> [Exercise aim]: Return the data below exactly, minus the pictures.
————————
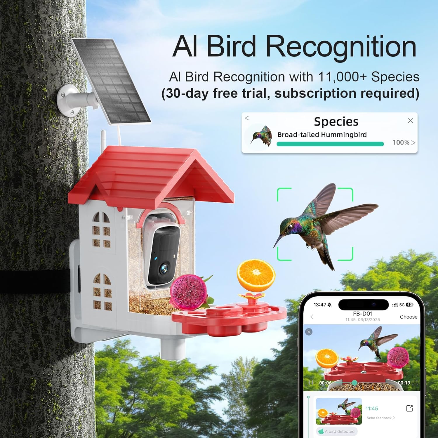 【AI Identify 11000+ Birds】Tired of flipping through field guides or squinting at blurry bird pics? Meet the world’s AI-powered bird feeder—your effortless ticket to becoming a backyard birding expert! This smart bird feeder camera can identify over 11,000 bird species. (Subscription Required; 30-Day Trial Included). You’ll get to learn more about birds, becoming an expert in the species that visit your yard and attracting even more feathered friends to your garden.
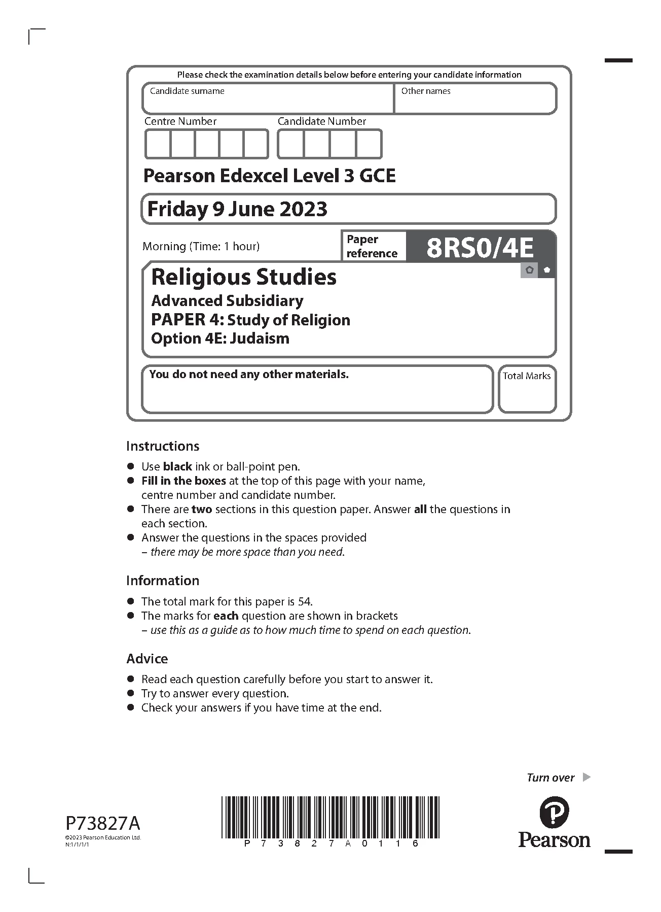 PEARSON EDEXCEL AS LEVEL Religious Studies PAPER 4 2023 QUESTION PAPER (8RS0/4E: Study of Religion - Judaism). PEARSON EDEXCEL AS LEVEL Religious Studies PAPER 4 2023 QUESTION PAPER (8RS0/4E: Study of Religion - Judaism) Pearson Edexcel A and AS Papers and Mark Schemes
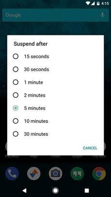 - Raak Slaapstand aan en selecteer de tijdsduur van inactiviteit voordat uw telefoon in de slaapstand gaat.
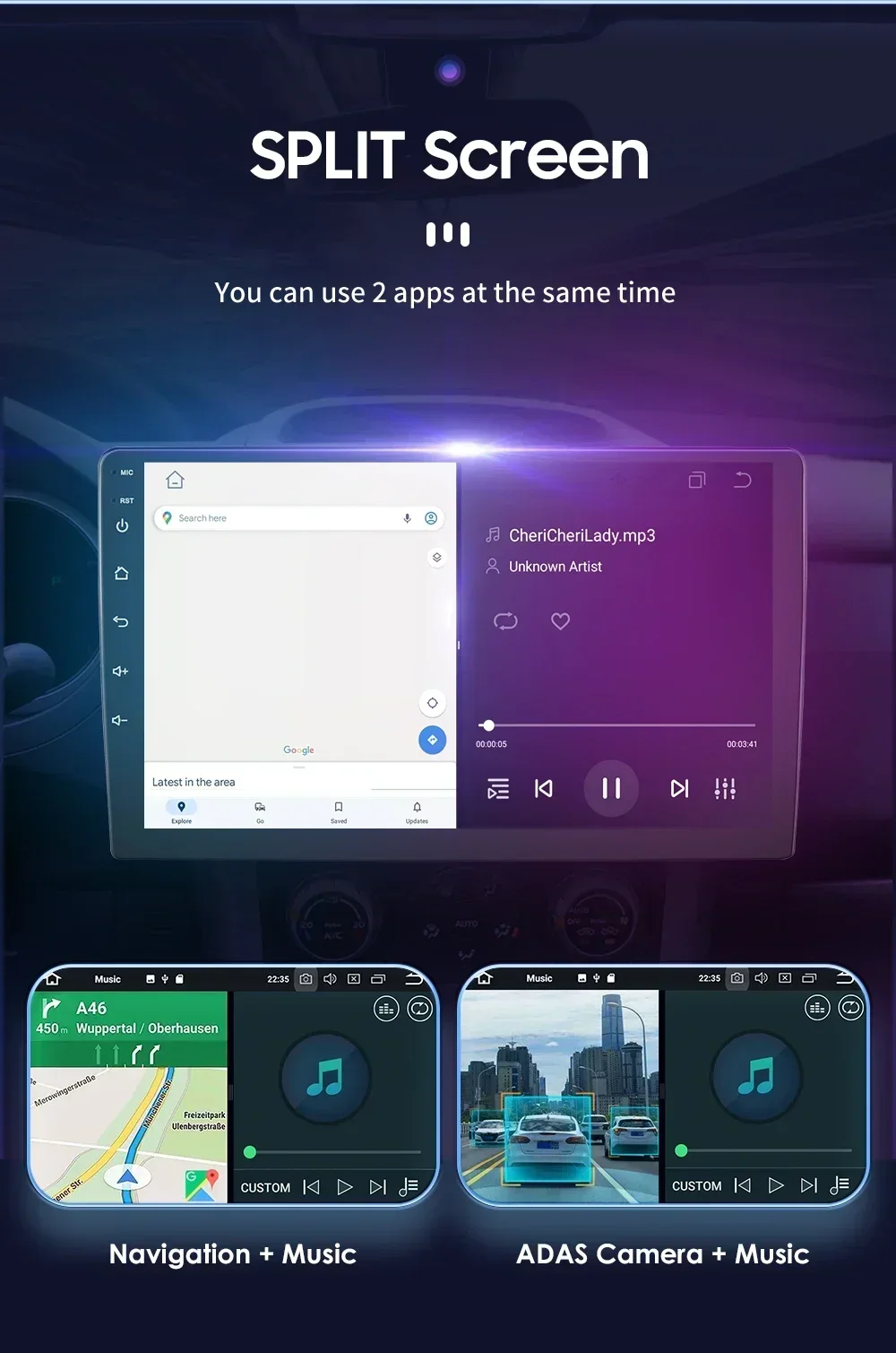 Special Features: Built-In Speaker/Microphone,wifi function,Support steering wheel control,Support 4G Network,Built-in GPS,MP3 players,Voice control,dsp,CarPlay,android auto,Reversing Input,Split Screen
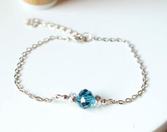Women bracelet, minimalist, silver bracelet, glass beads, blue, shiny
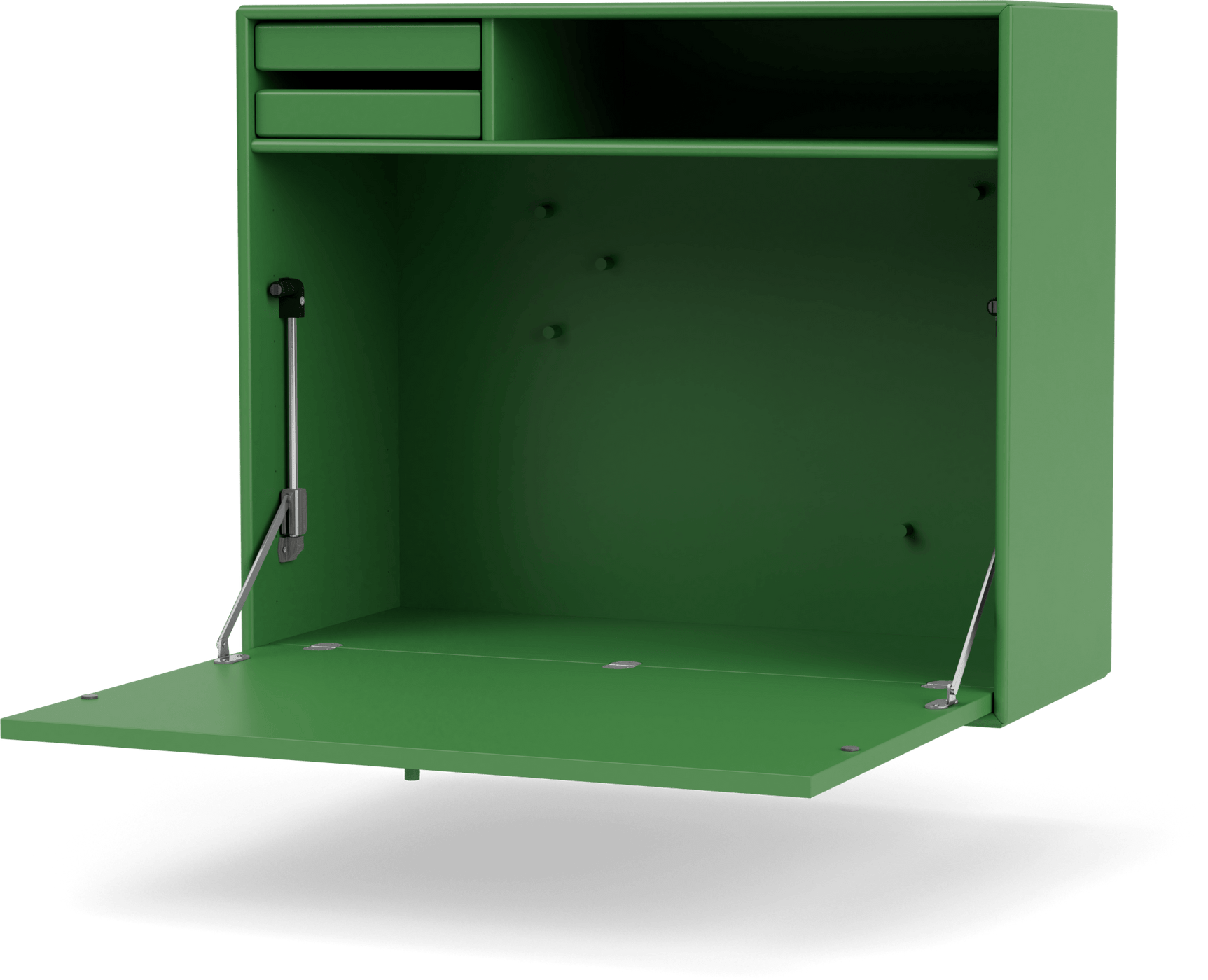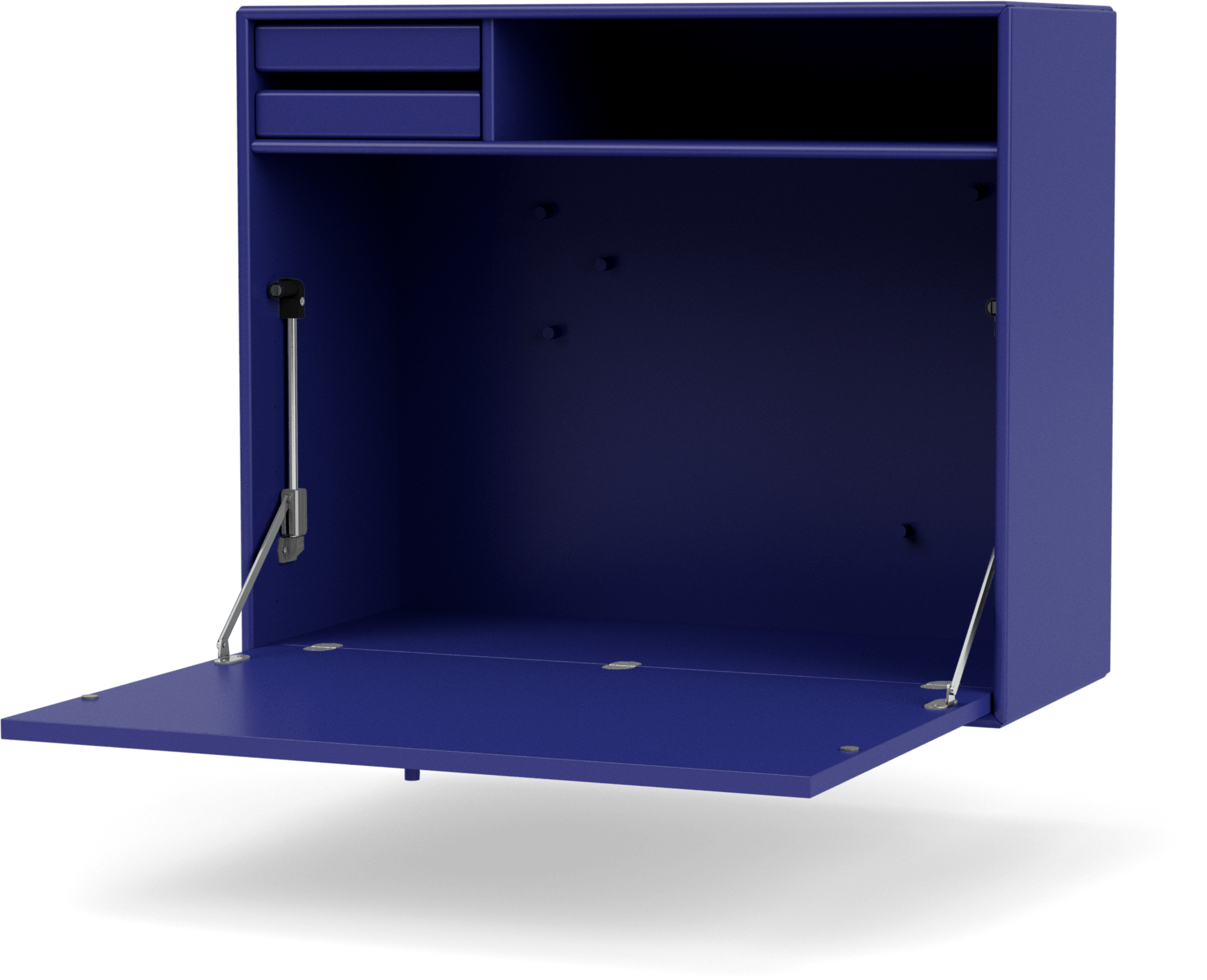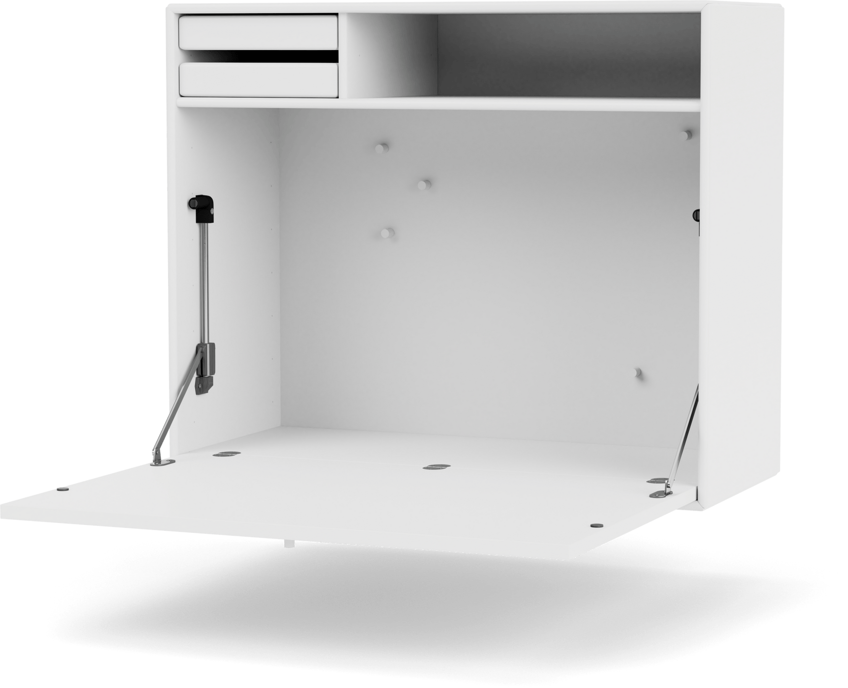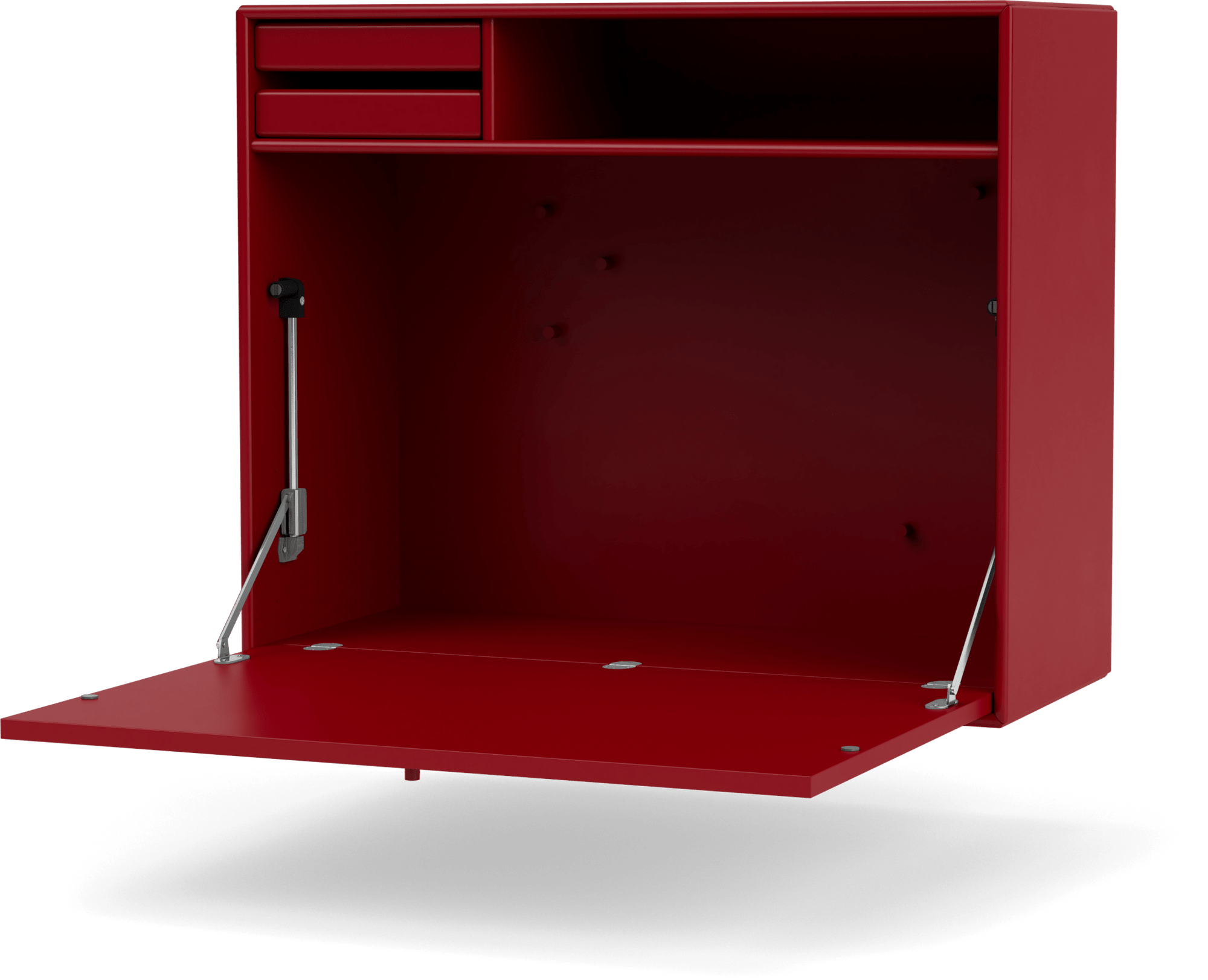 Perfect for smaller living and office spaces, the Studio Secretary hides away, blending in with its surroundings. The wall-mounted Studio Secretary doubles as discreet shelving and compact desk space, folding away when it is not needed to save space. A clever storage solution, the Studio Secretary features two small drawers and a shelf to keep workspace essentials both stored away and at the ready. The Studio Secretary is available in ten of Montana’s signature color lacquers and pairs perfectly with the Show Bookcase and Loom Slim Bookcase.
————————
> [Your solution]:
 【AI Identify 11000+ Birds】Tired of flipping through field guides or squinting at blurry bird pics? Meet the world’s AI-powered bird feeder—your effortless ticket to becoming a backyard birding expert! This smart bird feeder camera can identify over 11,000 bird species. (Subscription Required; 30-Day Trial Included). You’ll get to learn more about birds, becoming an expert in the species that visit your yard and attracting even more feathered friends to your garden.
 PEARSON EDEXCEL AS LEVEL Religious Studies PAPER 4 2023 QUESTION PAPER (8RS0/4E: Study of Religion - Judaism). PEARSON EDEXCEL AS LEVEL Religious Studies PAPER 4 2023 QUESTION PAPER (8RS0/4E: Study of Religion - Judaism) Pearson Edexcel A and AS Papers and Mark Schemes
 - Raak Slaapstand aan en selecteer de tijdsduur van inactiviteit voordat uw telefoon in de slaapstand gaat.
 Special Features: Built-In Speaker/Microphone,wifi function,Support steering wheel control,Support 4G Network,Built-in GPS,MP3 players,Voice control,dsp,CarPlay,android auto,Reversing Input,Split Screen
Women bracelet, minimalist, silver bracelet, glass beads, blue, shiny
 Perfect for smaller living and office spaces, the Studio Secretary hides away, blending in with its surroundings. The wall-mounted Studio Secretary doubles as discreet shelving and compact desk space, folding away when it is not needed to save space. A clever storage solution, the Studio Secretary features two small drawers and a shelf to keep workspace essentials both stored away and at the ready. The Studio Secretary is available in ten of Montana’s signature color lacquers and pairs perfectly with the Show Bookcase and Loom Slim Bookcase.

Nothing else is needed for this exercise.